Create a scatterplot of the two variables you chose for your analysis. Does this change your interpretation at all? Write down your thoughts in your Markdown.

Overall, it’s clear that the relationship between these variables is not as simple as the value of r would lead us to believe. This is why it’s always important to think about the actual value of the test statistic you have calculated, and to inspect your data thoroughly (for example, by making graphs) instead of only relying on the significance value.

 

Well done!

This is the end of the required portion of the practical, so you’re welcome to jump down to the end if time is up. If you have whizzed through the previous tasks and still have time left, or if you’re just curious, carry on to the next section to dig deeper into what’s going on.

This final section is optional, but recommended. If you chose different variables above, keep in mind that this section will focus on the often_messages and recently_laugh variables.

Optional: But It’s Significant!

So, how do we reconcile the fact that this correlation is significant, with the fact that the actual value of r is quite small and the scatterplot of the data shows no obvious trend?

The key comes from divorcing the real-world meaning of the word “significant” (i.e. “meaningful”, “important”) from the statistical sense.

Task 12

Let’s revise what we know about distributions, standard error, and sample size.

Task 12.1punk!

Recall that we checked the number of participants at the beginning. How many were there again?

Task 12.2Prog-rocK

In your own words, explain what the relationship is between sample size and standard error. Write your thoughts in your Markdown document.

Hint

See Lecture 1 for help!

Task 12.3Prog-rocK

Using this online calculator, set the value of r to our value (-.11). Then, try changing the value in “Sample Size”, leaving the value of r the same. What happens to the value of t as sample size increases? Write down your thoughts in your Markdown.

Task 12.4death metal

Putting it all together - as sample size increases, what happens to the value of t - and therefore of p? Why should this be the case? Write down your thoughts in your Markdown.

Hint

How does the t-distribution work, and what are its critical values?
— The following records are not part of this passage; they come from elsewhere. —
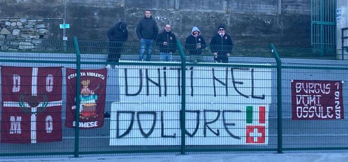 'Uniti nel dolore'. Recitava questa semplice frase lo striscione affisso oggi a Stresa nell'amichevole giocata dalla Juve Domo nella Perla del Lago Maggiore. Uno striscione con le bandiere italiana e svizzera, realizzato dai tifosi dell'Ossola Kaos della Juve Domo, in memoria delle vittime e dei feriti della strage di capodanno di Crans Montana. Gli ultras granata ancora una volta hanno dato dimostrazione di attenzione alle disgrazie che toccano non solo il nostro territorio, come già accaduto in passato in diverse occasioni.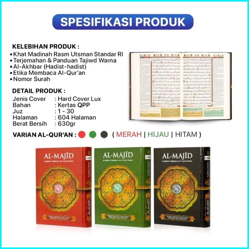 Alquran Al Majid A5 Terjemah Dan Tajwid Warna Alquran Almajid Ukuran Sedang A5
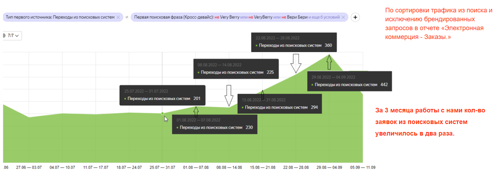 - Увеличение лидов и заказов через органический поиск за счет улучшения видимости для конверсионных запросов и повышения удобства пользования сайтом.
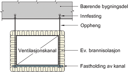 Denne anvisningen beskriver opphengssystemer for tekniske installasjoner, som ivaretar krav til brannmotstand. Anvisningen gjør rede for generelle krav til opphengssystemene og angir maksimale verdier for belastning avhengig av brannpåkjenning. Anvisningen gir også eksempler på aktuelle komponenter for oppheng og innfesting av rør, kanaler og kabelbroer.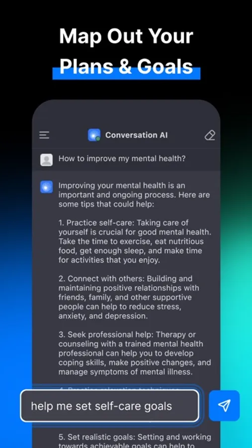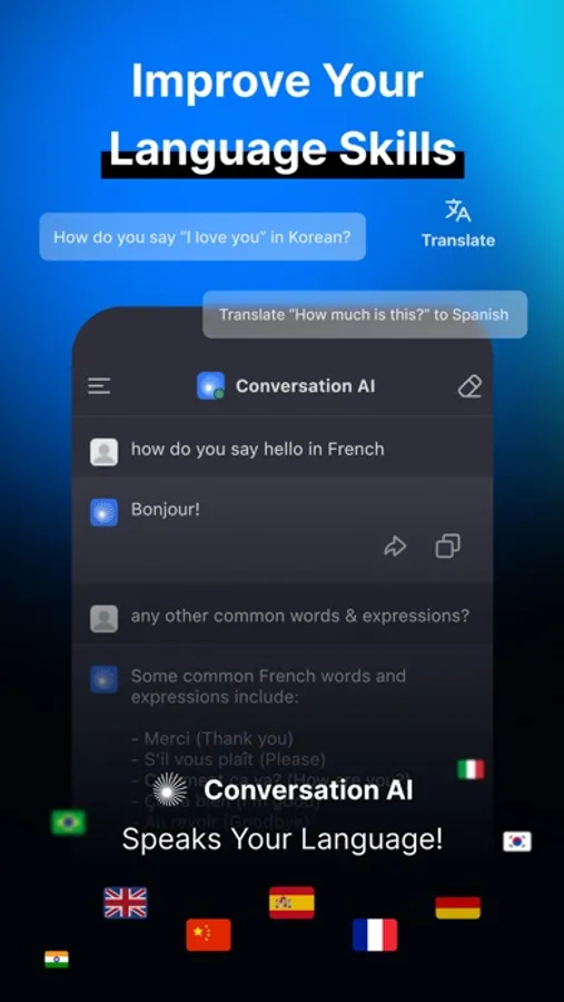 And the best part? Conversation AI is available to you whenever and wherever you need it. Whether you're at home, on the go, or in the office, our chatbot is always just a few taps away. So why wait? Download Conversation AI today and start enjoying the benefits of advanced AI technology!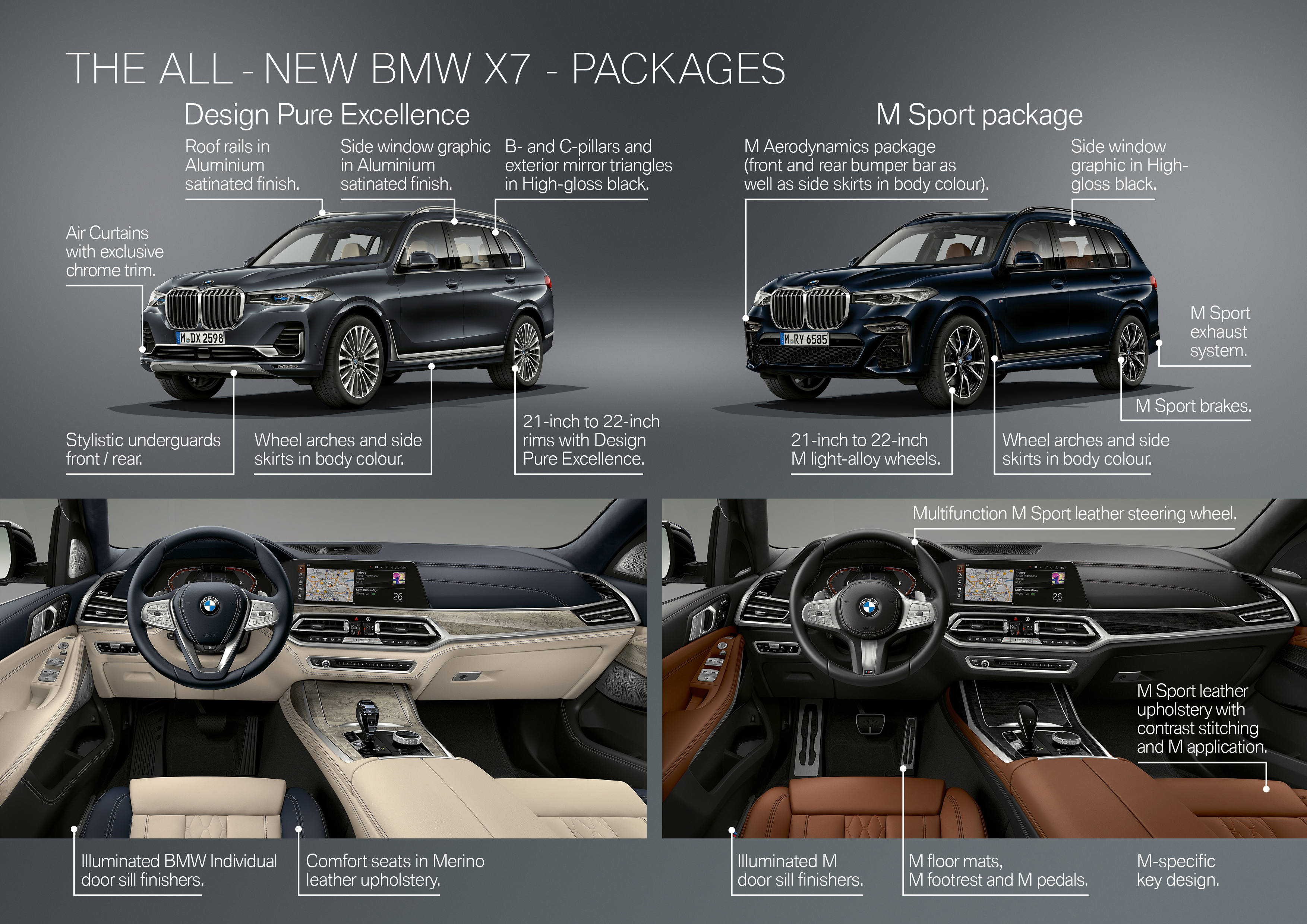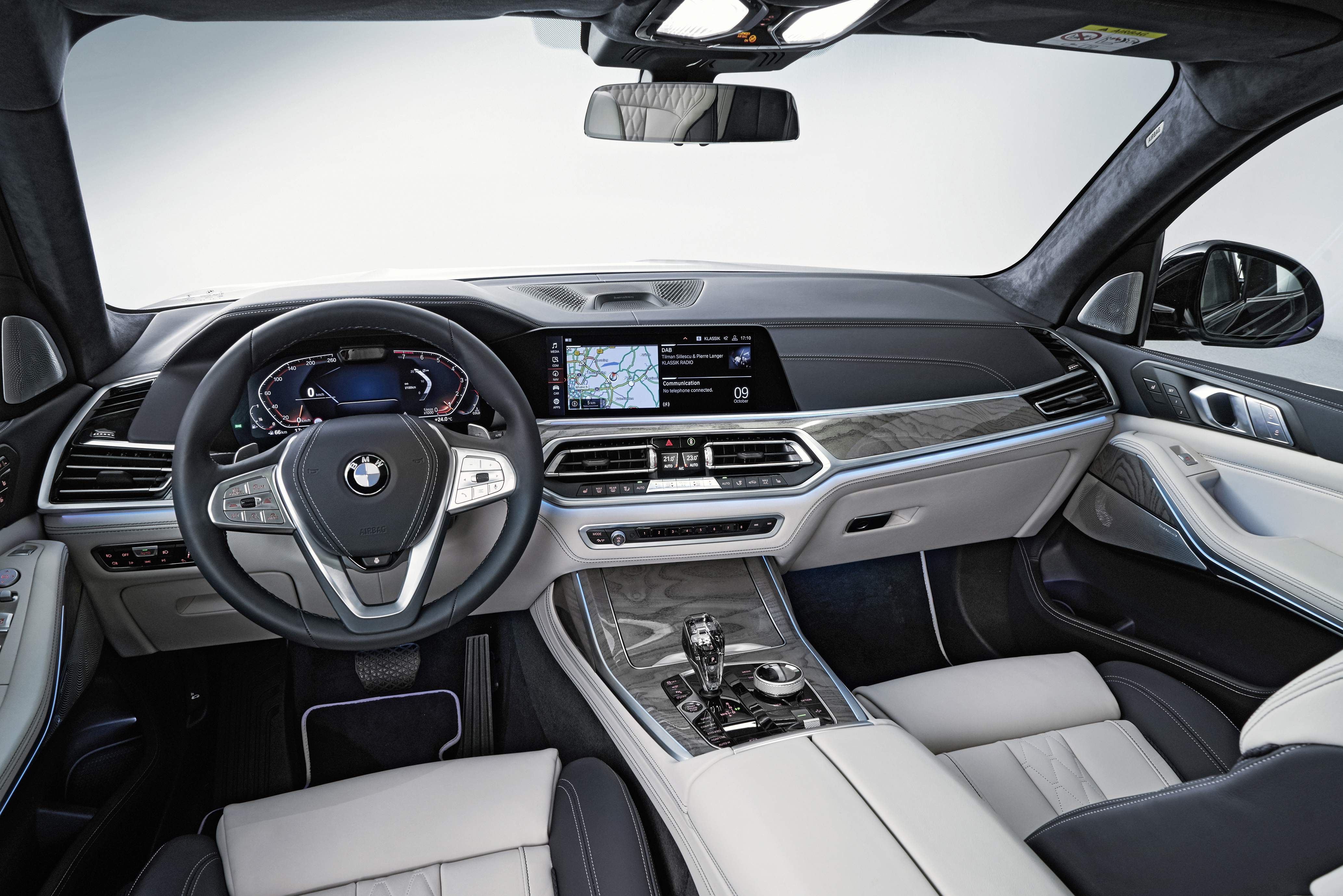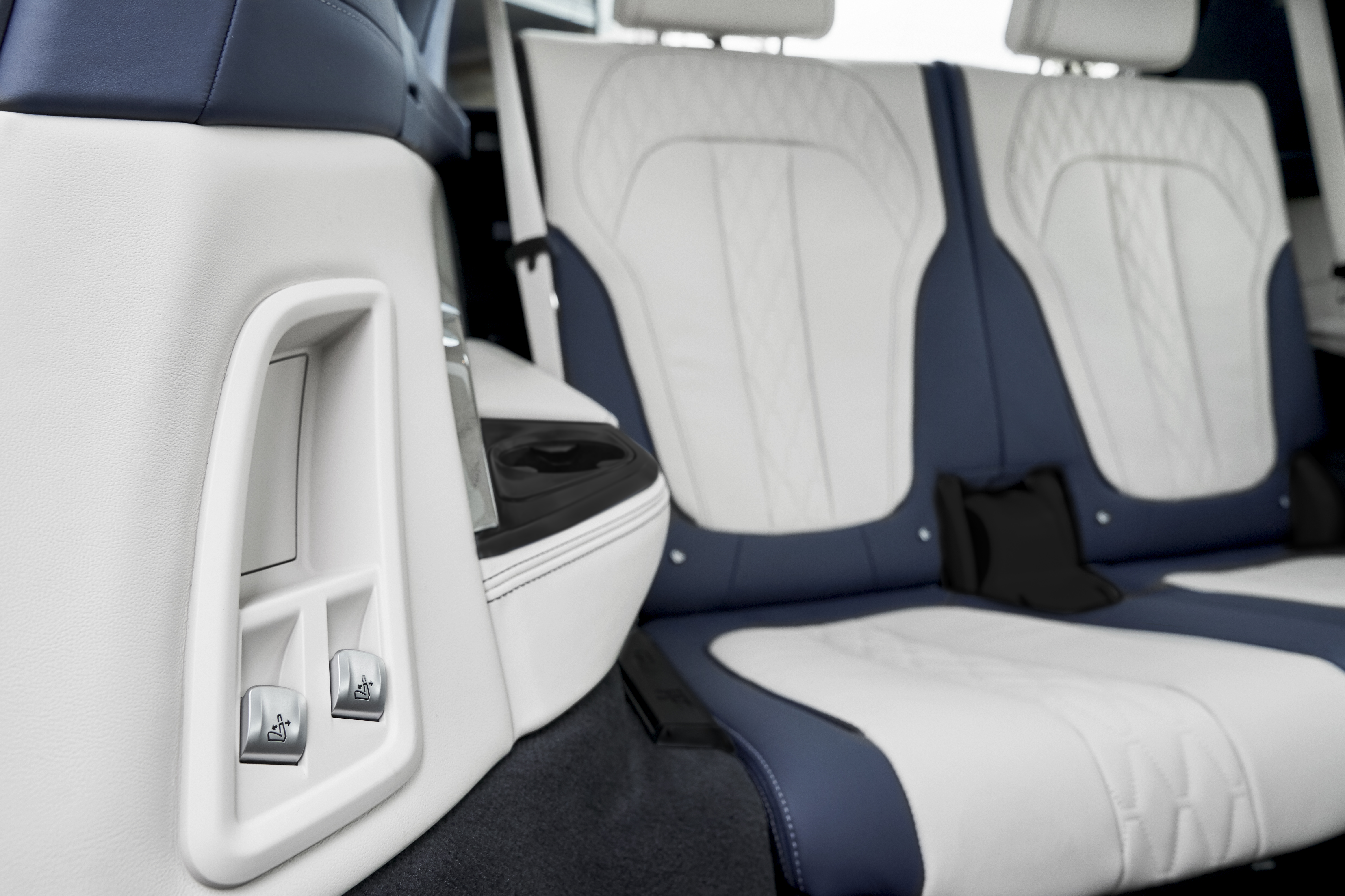 The first-ever BMW X7 with BMW Individual full leather Merino Ivory White/Night Blue (10/2018).

If you got stuck here or are finding this quite difficult, don’t worry - these are complex ideas. As you think about them and use them more, they will become more familiar and more intuitive.

Recap

Well done today! We got some practice running a correlation analysis, reporting it in APA style, and examining what those results actually mean. If you did the optional extra tasks, you also looked at why very small effects are still (statistically) significant for very large samples.

You’re welcome - and encouraged! - to keep working with the Millennium Cohort data to practice what we’ve learned today.

Remember, if you get stuck or you have questions, post them on Piazza, or bring them to StatsChats or to drop-ins.

 

Good job!

 

Footnotes

  1. This is a type of response bias called acquiescence bias, in which respondents tend to use only the extreme ends of the scale, and is quite typical of child participants (here’s a paper if you’re interested).[↩]